• **Record excerpts**:
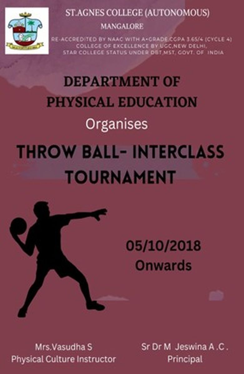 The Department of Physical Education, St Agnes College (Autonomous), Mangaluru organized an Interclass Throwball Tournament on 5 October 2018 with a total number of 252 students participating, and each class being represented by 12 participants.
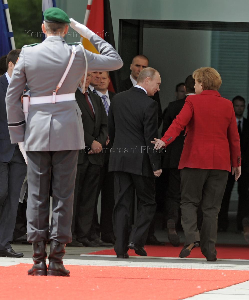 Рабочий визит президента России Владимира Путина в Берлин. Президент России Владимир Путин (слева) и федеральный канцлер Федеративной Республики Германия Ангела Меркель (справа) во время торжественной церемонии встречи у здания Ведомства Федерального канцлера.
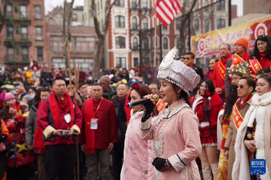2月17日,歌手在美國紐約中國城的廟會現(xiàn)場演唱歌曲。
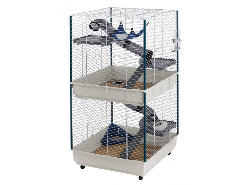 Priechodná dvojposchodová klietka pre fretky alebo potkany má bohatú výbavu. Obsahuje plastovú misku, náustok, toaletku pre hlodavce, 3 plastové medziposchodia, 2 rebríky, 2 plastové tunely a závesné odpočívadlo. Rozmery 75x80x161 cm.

==

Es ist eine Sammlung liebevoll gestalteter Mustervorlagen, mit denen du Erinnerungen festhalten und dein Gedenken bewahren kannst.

---

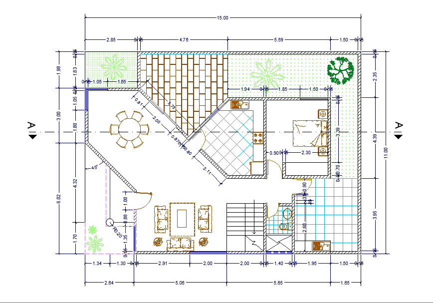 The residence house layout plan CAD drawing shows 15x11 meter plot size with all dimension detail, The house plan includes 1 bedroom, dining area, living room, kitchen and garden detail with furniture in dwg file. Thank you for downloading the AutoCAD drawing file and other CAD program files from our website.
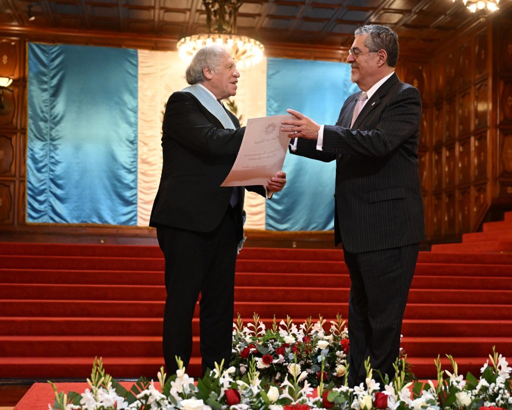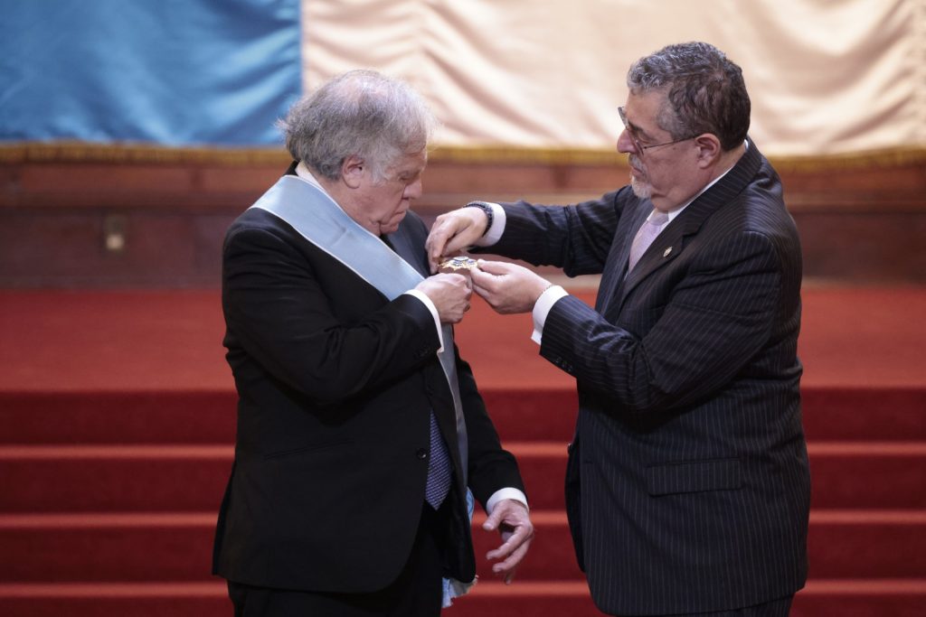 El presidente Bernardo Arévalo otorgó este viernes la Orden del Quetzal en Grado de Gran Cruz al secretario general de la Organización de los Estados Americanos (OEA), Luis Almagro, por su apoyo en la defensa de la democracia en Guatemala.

• **What the exercise asks**: In the records above, find the line with "The residence house" and the line with "El presidente Bernardo", then restate word for word only those two lines and all lines between, omitting pictures.

• **Response box**:
 The residence house layout plan CAD drawing shows 15x11 meter plot size with all dimension detail, The house plan includes 1 bedroom, dining area, living room, kitchen and garden detail with furniture in dwg file. Thank you for downloading the AutoCAD drawing file and other CAD program files from our website.
 El presidente Bernardo Arévalo otorgó este viernes la Orden del Quetzal en Grado de Gran Cruz al secretario general de la Organización de los Estados Americanos (OEA), Luis Almagro, por su apoyo en la defensa de la democracia en Guatemala.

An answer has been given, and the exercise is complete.